Acute pancreatitis affects 300 to 600 new patients per million population per year and is most commonly caused by gallstones or alcohol, but there are many other causes and associations. Careful imaging reveals that most so-called idiopathic acute pancreatitis is due to small (1–3 mm diameter) gallstones. Diagnosis is made by a combination of a typical presentation (upper abdominal pain and vomiting) in conjunction with raised serum amylase (> × 3 upper limit of normal) and/or lipase (> × 2 upper limit of normal). Several acute abdominal emergencies can mimic acute pancreatitis and may be associated with a raised serum amylase. These include perforated peptic ulcer (particularly perforated posterior gastric ulcer) and acute mesenteric ischaemia.
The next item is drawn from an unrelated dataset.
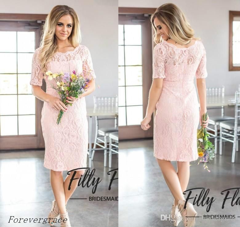 2019 Hot Summer Pink Lace Garden Bridesmaid Dress Half Sleeves
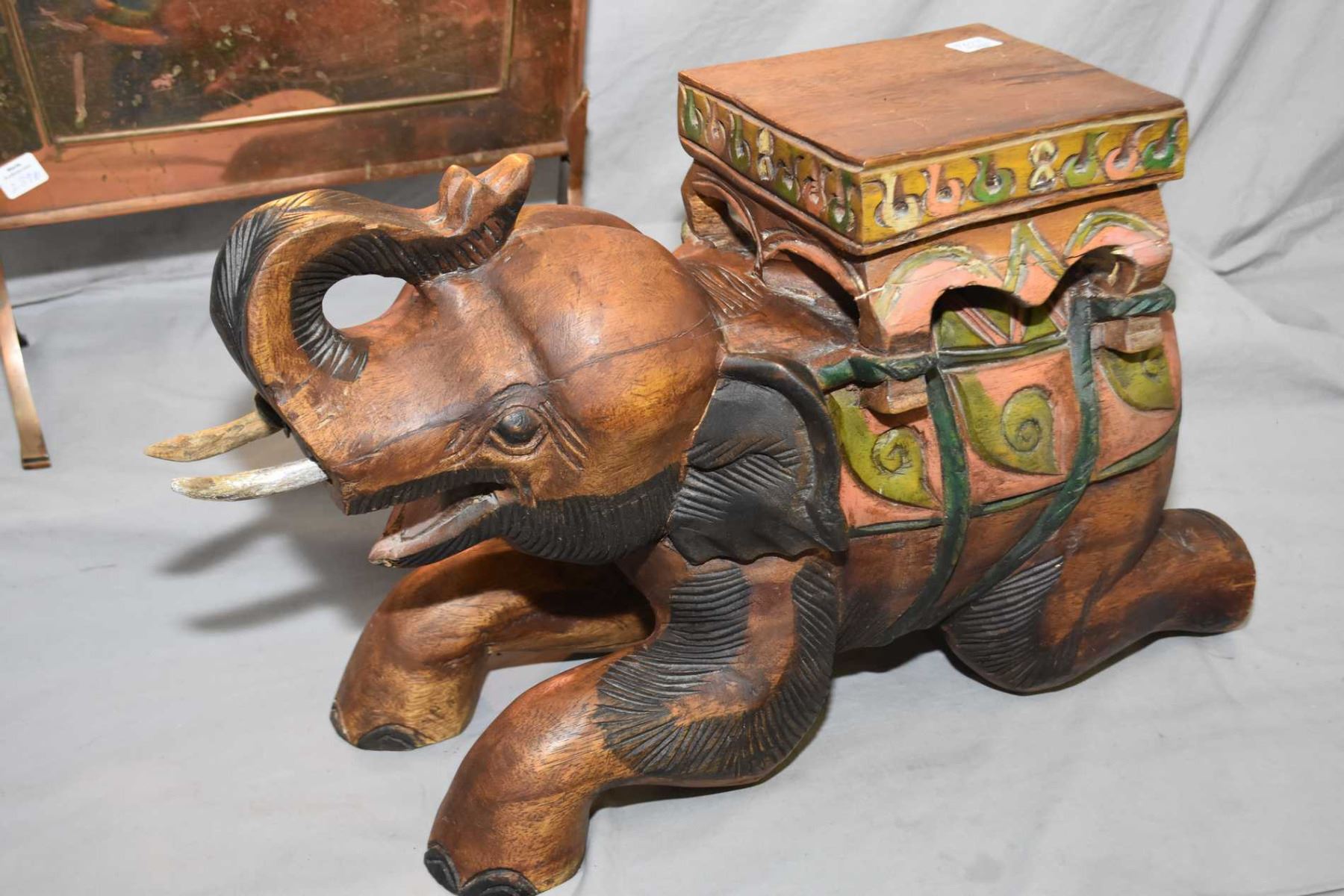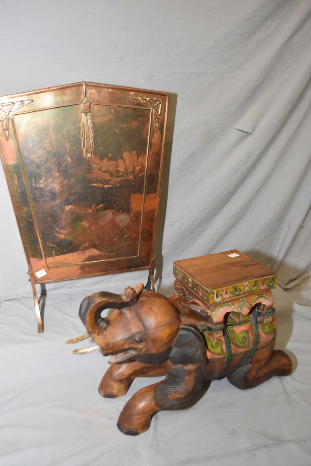 Art deco shield shaped copper fire screen and a carved elephant plant stand

In equivocal cases, a CT scan is indicated in order to exclude other causes and confirm the diagnosis.

Initial management is with (1) analgesia, (2) ensuring adequate oxygenation, (3) the early restoration of circulating volume through intravenous fluid administration. The revision of the Atlanta classification separates patients clinically into (1) mild—with early resolution without complications, (2) moderate—local complications without organ failure, and (3) severe—complications associated with organ failure.
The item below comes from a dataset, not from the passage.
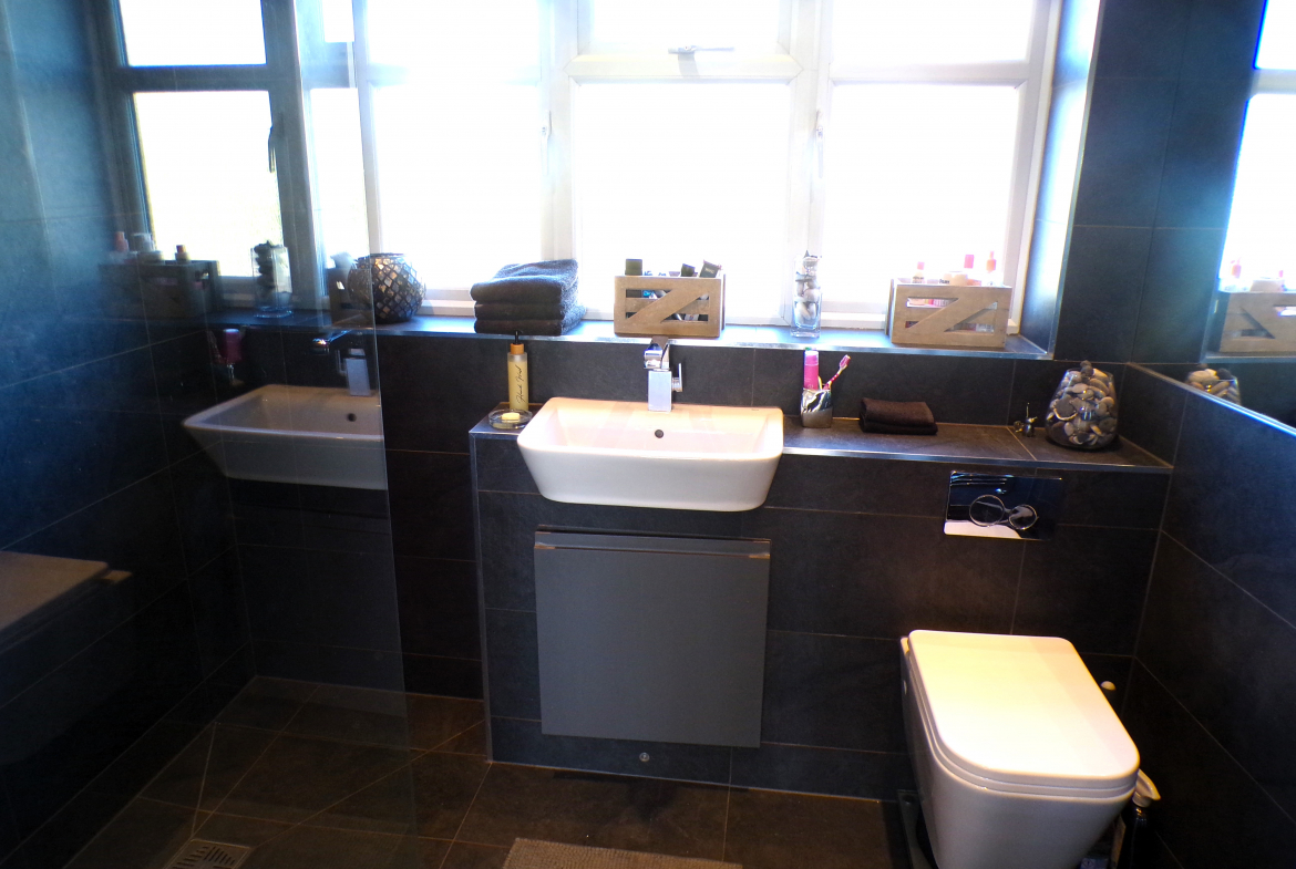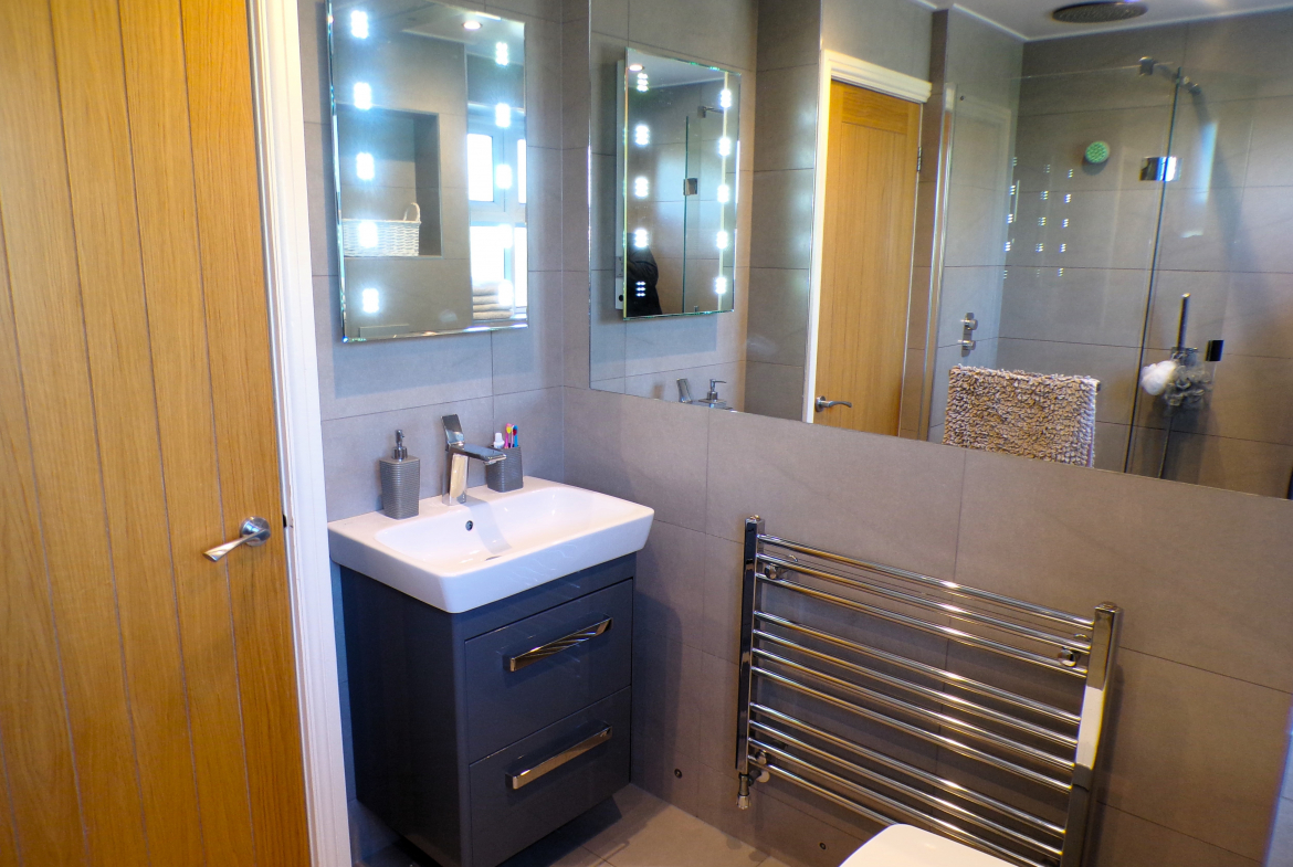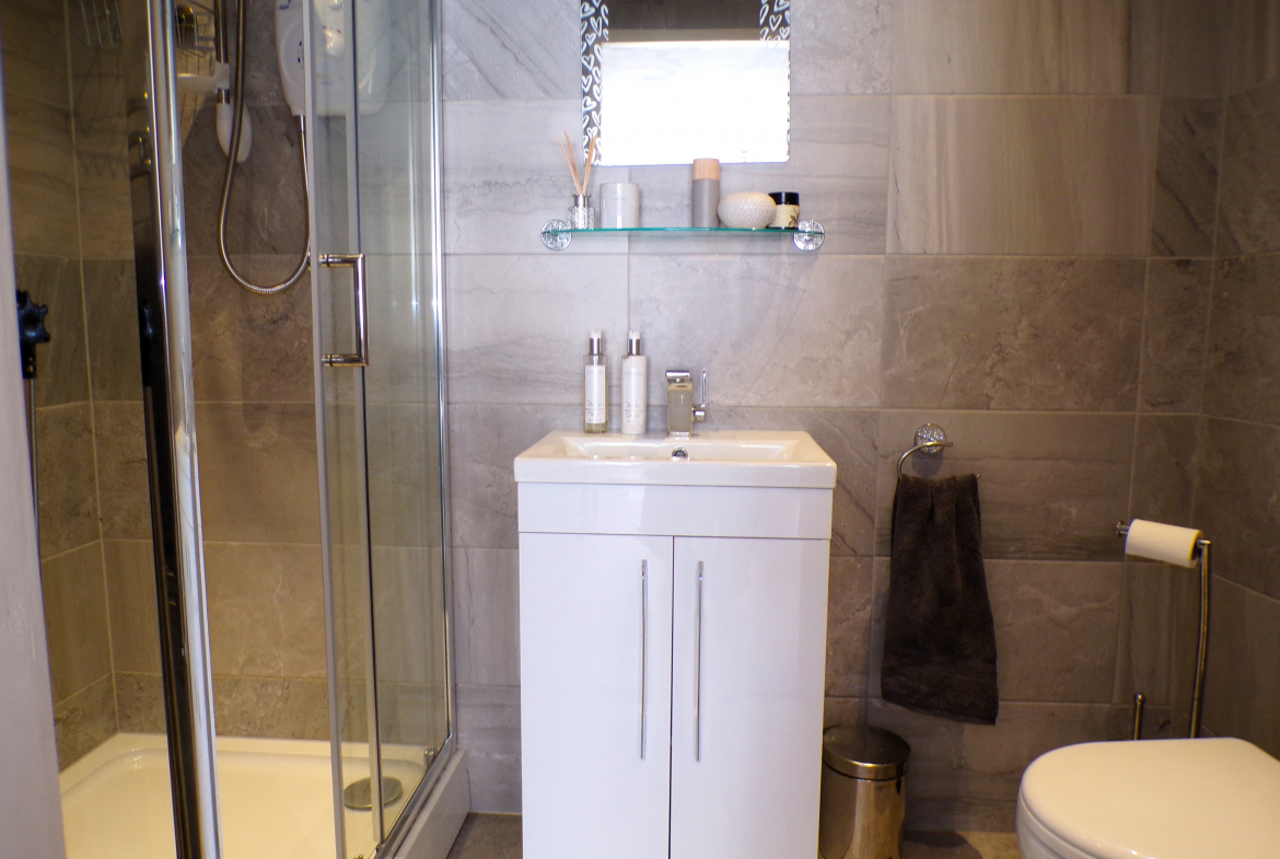 Downstairs Shower Room – Modern 3 piece white shower suite. Ceramic wall & floor tiled. Heated towel rail.

Mild acute pancreatitis responds to analgesia and intravenous fluids, and patients rarely need to be in hospital beyond a few days. If gallstones have been identified, then cholecystectomy (or endoscopic retrograde cholangiopancreatography (ERCP) sphincterotomy where clinically appropriate) should be performed during the same admission, or at least within 2 to 4 weeks to prevent recurrent attacks. Severe acute pancreatitis carries a high mortality (up to 20%). Management in the early stages is centred on organ support (respiratory, circulatory, and renal failure). Later management involves surgical or radiological intervention for sepsis, usually within a specialist pancreatic unit.
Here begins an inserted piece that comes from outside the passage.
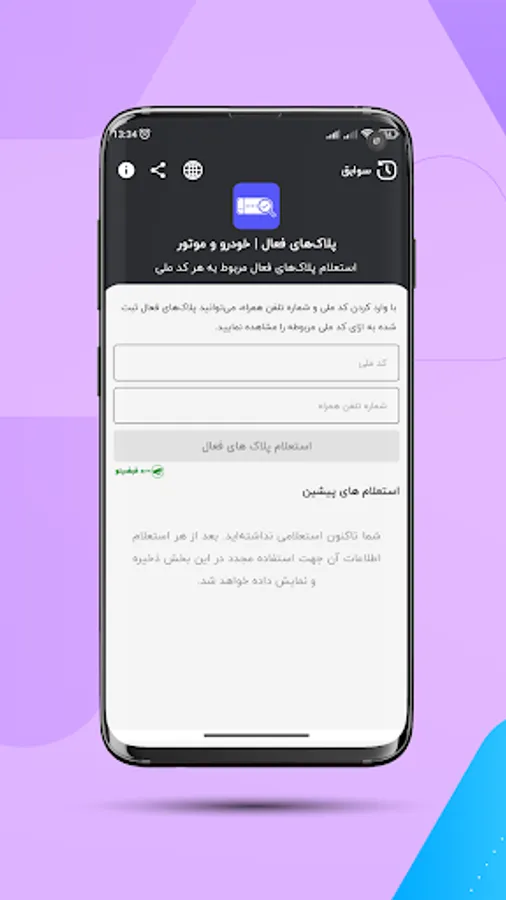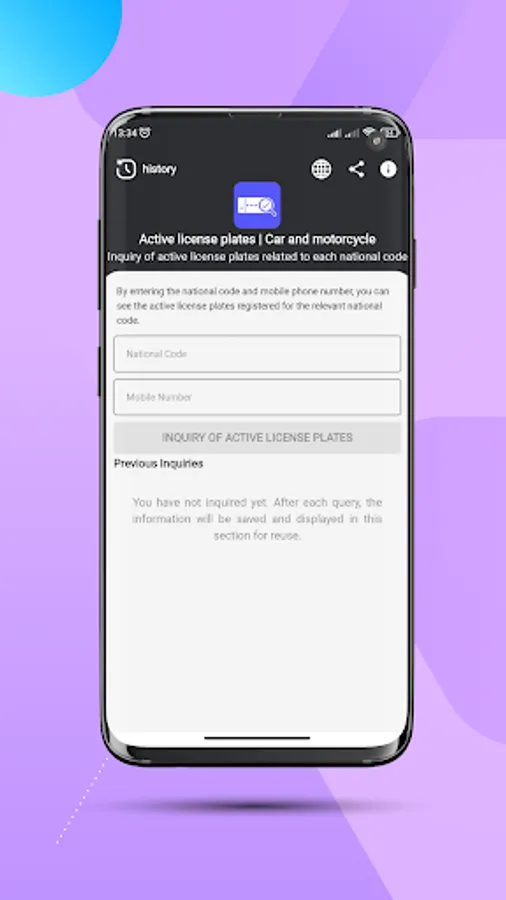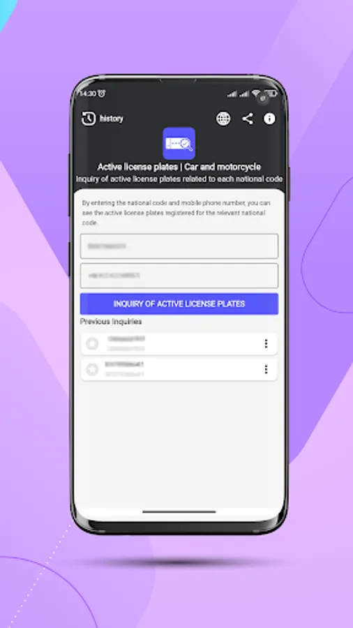 To inquire about active license plates through this application, just enter the national code and mobile phone number in the name of that national code and see the latest status of your active car and motorcycle license plates in full detail.

With regard to some specific aspects of management: (1) There is no indication for an NG tube or starvation. In patients with a prolonged illness nutrition support will be required—enteral feeding is associated with fewer risks and side effects than total parenteral nutrition. (2) Antibiotics should not be given until and unless a specific indication arises; there is no benefit to early initiation of prophylactic antibiotics. (3) ERCP—occasionally cholangitis (abdominal pain, jaundice, and fever) may be associated with hyperamylasaemia, in which case urgent biliary decompression at ERCP is indicated. In the absence of cholangitis or jaundice, the evidence to support early ERCP is weak. (4) There are no pharmacological agents that benefit any form of acute pancreatitis. (5) The case for decompressive laparotomy for abdominal compartment syndrome remains unproven.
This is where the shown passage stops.